───── DATA BLOCK ─────

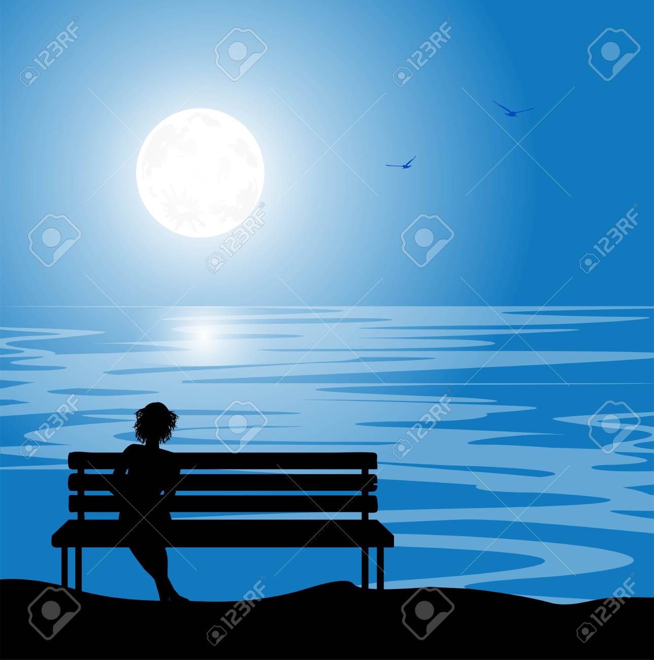Silhouette Of A Girl Sitting Lonely In The Moonlight Design For
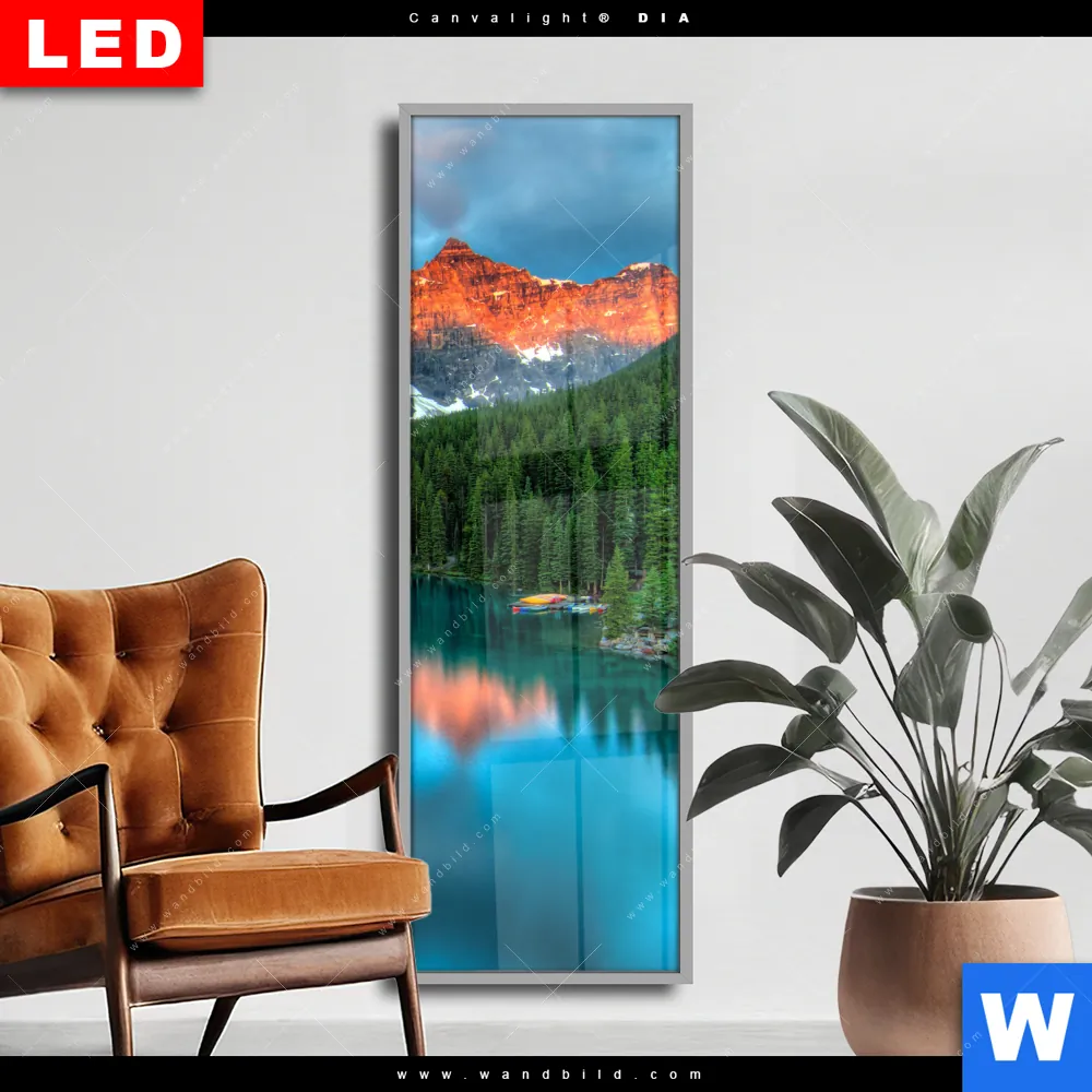 Wechselmotiv Acrylglas Canvalight® DIA | Moränensee Sonnenaufgang | Schmal
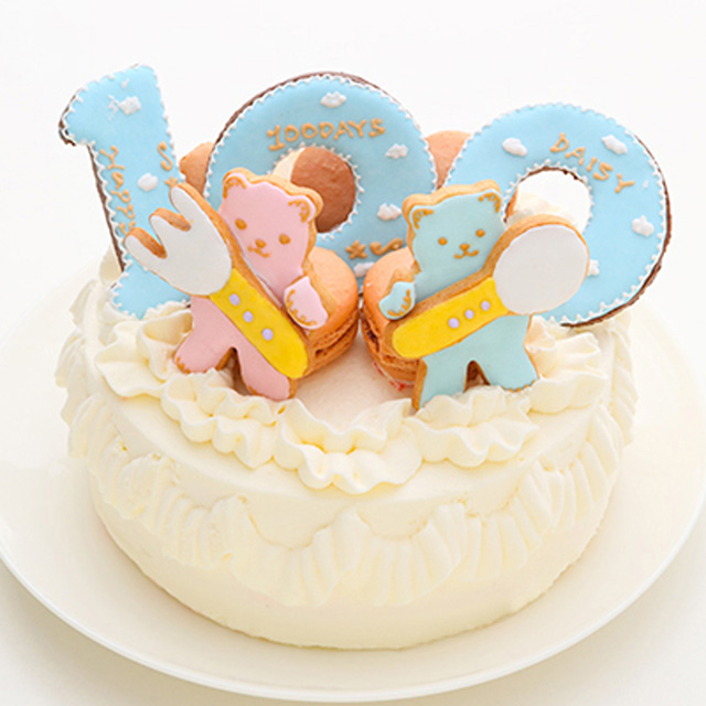 冷凍 お食い初め ケーキ ピンク5号15cm 送料無料アイシングクッキー付 デコレーションケーキ 100日祝い。
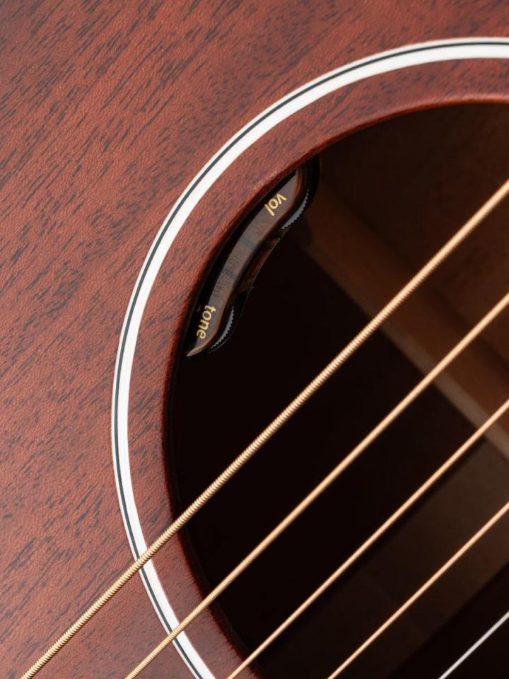 L.R. Baggs VTCシステムはサウンドホール内にボリュームとトーン・コントロールを備え、演奏者が素早く簡単に操作できる一方で、観客からはほとんど操作部が見えません。

─────

DIRECTIONS
For this exercise, reproduce the data above exactly from the line containing "Wechselmotiv Acrylglas Canvalight®" through its final line, both ends included, with no pictures in the copy.

WRITTEN RESPONSE
 Wechselmotiv Acrylglas Canvalight® DIA | Moränensee Sonnenaufgang | Schmal
 冷凍 お食い初め ケーキ ピンク5号15cm 送料無料アイシングクッキー付 デコレーションケーキ 100日祝い。
 L.R. Baggs VTCシステムはサウンドホール内にボリュームとトーン・コントロールを備え、演奏者が素早く簡単に操作できる一方で、観客からはほとんど操作部が見えません。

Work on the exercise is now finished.